Because it could not participate directly in politics, the group initially turned its energies elsewhere—to newspapers and informal associations. Al-Ahali quickly grew to be one of the most respected papers in Iraq. despite its ostensible goal of educating Iraqis and home-growing a civil society, the Ahali group was hindered by its intellectualist bent focus more on Western than indigenous culture. Its first paper detailed the history of Western political thought from the Greeks to Russian revolution. Members enjoyed equally astounding success organizationally. In September 1933 they formed the Association for Combatting Illiteracy and thereby converted individuals not only in Baghdad to their cause, but members from Basra, Nasiriyya, Kufa, Ba'qubah, and Hillah—that is, more "provincial" locales that were notoriously hard to access. This, they accomplished with the aid and aegis of Ja'far Abu al-Timman's assistance and blessing.

==Political Turn==
When Ahali's Baghdad Club was disbanded by the authorities, members became increasingly convicted that they could not continue as vulnerably as before. By dropping the term "Sha'biya" they were able to draw in politicians such as Kamil al-Chadirji whom had departed the Party of National Brotherhood either because they were too progressive, or because of disputes with the Yasin-Rashid regime, such as Hikmat Sulayman's. Given Ja'far Abu al-Timman's leadership it also signified something of a successor to his dissolved Watani Party. These senior politicians formed an executive committee in March 1935, but elected to keep contacts with nonpolitical societies such as the Society to Combat Illiteracy, older politicians, and army officials through secret meetings rather than to form a political party. Inevitably, this broadening of Ahali's horizons entailed moderation of its ideology, which became, rather hazily, "reform" broadly construed. However, Communist and Sha'biya advocates remained active in the group.

==Opposition to the Yasin-Rashid administration==
The group grew yet more entangled in politics with the ascent of the Party of National Brotherhood and the Yasin-Rashid administration.
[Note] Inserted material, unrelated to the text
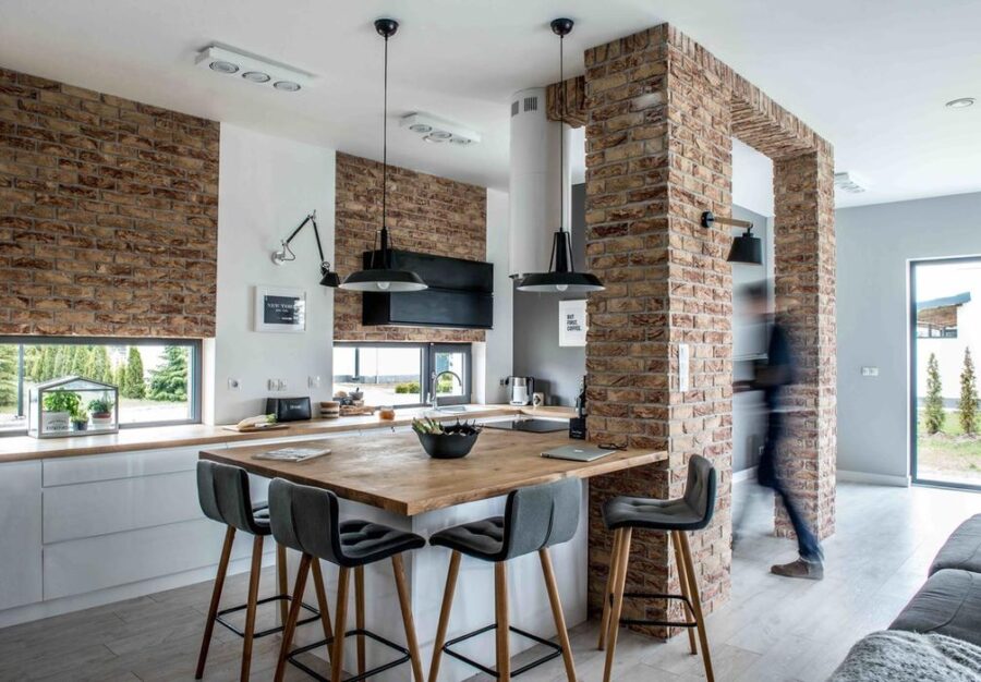 Бывает так, что в частном доме кухня может иметь два входа и выхода, соответственно она будет считаться проходной. В таком случае вашей главной задачей будет чётко отделить рабочую зону, при этом используя мебель с одинаковым фасадом. В такой планировке кухонный стол рекомендуется поставить где-то на границы кухни и коридорного помещения.

Yasin al-Hashimi and Ali al-Rashid had established the harshest restrictions on freedom of the press and political activity of any prior cabinet under the monarchy, and Hashimi had intimated that he sought to stay in power beyond his tenure (albeit not explicitly). In April 1936 the Ahali group published one issue of a paper titled al-Bayan accusing the administration of neglecting promises for reform, and instead selling control of the Iraqi economy to the British with a railway agreement. The paper was suppressed after the first issue. The Ahali group thus issued subsequent petitions to King Ghazi through the Syrian paper al-Qabas and the Lebanese paper al-Masa. It was this that caused the group to join with the Bakr Sidqi coup and provide him much needed legitimacy through their popular appeal. This was not a premeditated move. Rather, Hikmat Sulayman had developed a close relationship with Sidqi owing to their mutual admiration of Mustafa Kemal's reforms in Turkey, and foisted the connection upon the rest of the al-Ahali group. He acted as the sole liaison to Sidqi and the officers. The rest of the group hardly knew the general's face.

As such, though the Ahali group obtained half the portfolios in government and were able to form the Association of People's Reform in 1936, they never had any power under the subsequent government. The group left government in June 1937. Shortly thereafter Bakr Sidqi suppressed their paper and the Association of People's Reform. The group's leaders and followers were scattered.

==Post-coup==
After the Rashid Ali coup, the reigning Cabinet recognized that it needed to give the opposition constitutional channels to operate in order to foster stability. The Ahali group's members thus re-constituted themselves in the form of al-Chaderchi's democratic socialists (the National Democratic Party) and the socialists led by 'Abd al-Fattah Ibrahim in the National Union Party.